In full and without alteration, reproduce every record.
[[ THE DATA open ]]
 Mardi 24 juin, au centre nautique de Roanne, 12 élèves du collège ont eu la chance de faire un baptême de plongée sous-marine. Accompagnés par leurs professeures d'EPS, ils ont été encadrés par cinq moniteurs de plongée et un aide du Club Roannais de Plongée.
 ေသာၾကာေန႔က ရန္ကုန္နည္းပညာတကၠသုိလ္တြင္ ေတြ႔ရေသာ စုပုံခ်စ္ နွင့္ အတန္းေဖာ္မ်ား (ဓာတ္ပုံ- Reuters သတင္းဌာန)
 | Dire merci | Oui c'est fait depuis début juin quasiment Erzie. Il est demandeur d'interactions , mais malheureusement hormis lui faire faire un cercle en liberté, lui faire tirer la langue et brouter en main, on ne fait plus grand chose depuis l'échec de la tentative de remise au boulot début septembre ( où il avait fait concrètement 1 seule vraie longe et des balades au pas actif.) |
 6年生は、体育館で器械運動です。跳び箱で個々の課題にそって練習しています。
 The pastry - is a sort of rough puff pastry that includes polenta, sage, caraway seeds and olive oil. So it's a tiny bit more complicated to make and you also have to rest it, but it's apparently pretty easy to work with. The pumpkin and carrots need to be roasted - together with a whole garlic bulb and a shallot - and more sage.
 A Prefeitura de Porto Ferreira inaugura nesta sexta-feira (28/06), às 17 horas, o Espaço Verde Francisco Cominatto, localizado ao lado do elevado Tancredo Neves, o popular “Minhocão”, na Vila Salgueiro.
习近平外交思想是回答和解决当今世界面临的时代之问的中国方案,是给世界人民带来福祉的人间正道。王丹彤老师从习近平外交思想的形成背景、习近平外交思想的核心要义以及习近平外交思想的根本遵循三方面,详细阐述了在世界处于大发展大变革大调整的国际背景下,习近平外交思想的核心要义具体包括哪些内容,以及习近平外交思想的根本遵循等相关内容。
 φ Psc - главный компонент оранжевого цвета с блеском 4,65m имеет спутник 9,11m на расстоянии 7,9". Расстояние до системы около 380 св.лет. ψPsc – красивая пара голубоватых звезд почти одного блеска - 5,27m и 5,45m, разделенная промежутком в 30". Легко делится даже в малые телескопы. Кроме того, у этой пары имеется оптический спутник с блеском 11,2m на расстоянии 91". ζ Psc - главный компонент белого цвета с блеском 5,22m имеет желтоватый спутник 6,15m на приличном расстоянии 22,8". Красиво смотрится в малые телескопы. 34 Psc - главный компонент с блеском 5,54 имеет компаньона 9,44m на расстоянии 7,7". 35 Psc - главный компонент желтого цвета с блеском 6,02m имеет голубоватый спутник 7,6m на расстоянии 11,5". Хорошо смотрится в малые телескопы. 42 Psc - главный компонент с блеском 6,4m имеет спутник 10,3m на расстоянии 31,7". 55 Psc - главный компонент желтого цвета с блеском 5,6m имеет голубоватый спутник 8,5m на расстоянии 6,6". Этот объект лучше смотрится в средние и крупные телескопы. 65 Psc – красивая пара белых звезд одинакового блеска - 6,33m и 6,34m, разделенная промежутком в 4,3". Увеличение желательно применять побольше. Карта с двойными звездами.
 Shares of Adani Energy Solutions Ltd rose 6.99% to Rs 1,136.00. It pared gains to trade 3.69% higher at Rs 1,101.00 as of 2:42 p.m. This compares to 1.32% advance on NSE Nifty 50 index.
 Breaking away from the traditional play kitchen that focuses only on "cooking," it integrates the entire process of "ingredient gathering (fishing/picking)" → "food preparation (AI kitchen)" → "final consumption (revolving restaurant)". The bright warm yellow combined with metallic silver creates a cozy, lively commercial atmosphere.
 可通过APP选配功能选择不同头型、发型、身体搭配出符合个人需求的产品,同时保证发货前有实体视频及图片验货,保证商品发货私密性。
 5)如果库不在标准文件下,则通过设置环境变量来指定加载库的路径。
[[ THE DATA closed ]]
▸ **SOLUTION FOR THIS PROBLEM**
 Mardi 24 juin, au centre nautique de Roanne, 12 élèves du collège ont eu la chance de faire un baptême de plongée sous-marine. Accompagnés par leurs professeures d'EPS, ils ont été encadrés par cinq moniteurs de plongée et un aide du Club Roannais de Plongée.
 ေသာၾကာေန႔က ရန္ကုန္နည္းပညာတကၠသုိလ္တြင္ ေတြ႔ရေသာ စုပုံခ်စ္ နွင့္ အတန္းေဖာ္မ်ား (ဓာတ္ပုံ- Reuters သတင္းဌာန)
 | Dire merci | Oui c'est fait depuis début juin quasiment Erzie. Il est demandeur d'interactions , mais malheureusement hormis lui faire faire un cercle en liberté, lui faire tirer la langue et brouter en main, on ne fait plus grand chose depuis l'échec de la tentative de remise au boulot début septembre ( où il avait fait concrètement 1 seule vraie longe et des balades au pas actif.) |
 6年生は、体育館で器械運動です。跳び箱で個々の課題にそって練習しています。
 The pastry - is a sort of rough puff pastry that includes polenta, sage, caraway seeds and olive oil. So it's a tiny bit more complicated to make and you also have to rest it, but it's apparently pretty easy to work with. The pumpkin and carrots need to be roasted - together with a whole garlic bulb and a shallot - and more sage.
 A Prefeitura de Porto Ferreira inaugura nesta sexta-feira (28/06), às 17 horas, o Espaço Verde Francisco Cominatto, localizado ao lado do elevado Tancredo Neves, o popular “Minhocão”, na Vila Salgueiro.
习近平外交思想是回答和解决当今世界面临的时代之问的中国方案,是给世界人民带来福祉的人间正道。王丹彤老师从习近平外交思想的形成背景、习近平外交思想的核心要义以及习近平外交思想的根本遵循三方面,详细阐述了在世界处于大发展大变革大调整的国际背景下,习近平外交思想的核心要义具体包括哪些内容,以及习近平外交思想的根本遵循等相关内容。
 φ Psc - главный компонент оранжевого цвета с блеском 4,65m имеет спутник 9,11m на расстоянии 7,9". Расстояние до системы около 380 св.лет. ψPsc – красивая пара голубоватых звезд почти одного блеска - 5,27m и 5,45m, разделенная промежутком в 30". Легко делится даже в малые телескопы. Кроме того, у этой пары имеется оптический спутник с блеском 11,2m на расстоянии 91". ζ Psc - главный компонент белого цвета с блеском 5,22m имеет желтоватый спутник 6,15m на приличном расстоянии 22,8". Красиво смотрится в малые телескопы. 34 Psc - главный компонент с блеском 5,54 имеет компаньона 9,44m на расстоянии 7,7". 35 Psc - главный компонент желтого цвета с блеском 6,02m имеет голубоватый спутник 7,6m на расстоянии 11,5". Хорошо смотрится в малые телескопы. 42 Psc - главный компонент с блеском 6,4m имеет спутник 10,3m на расстоянии 31,7". 55 Psc - главный компонент желтого цвета с блеском 5,6m имеет голубоватый спутник 8,5m на расстоянии 6,6". Этот объект лучше смотрится в средние и крупные телескопы. 65 Psc – красивая пара белых звезд одинакового блеска - 6,33m и 6,34m, разделенная промежутком в 4,3". Увеличение желательно применять побольше. Карта с двойными звездами.
 Shares of Adani Energy Solutions Ltd rose 6.99% to Rs 1,136.00. It pared gains to trade 3.69% higher at Rs 1,101.00 as of 2:42 p.m. This compares to 1.32% advance on NSE Nifty 50 index.
 Breaking away from the traditional play kitchen that focuses only on "cooking," it integrates the entire process of "ingredient gathering (fishing/picking)" → "food preparation (AI kitchen)" → "final consumption (revolving restaurant)". The bright warm yellow combined with metallic silver creates a cozy, lively commercial atmosphere.
 可通过APP选配功能选择不同头型、发型、身体搭配出符合个人需求的产品,同时保证发货前有实体视频及图片验货,保证商品发货私密性。
 5)如果库不在标准文件下,则通过设置环境变量来指定加载库的路径。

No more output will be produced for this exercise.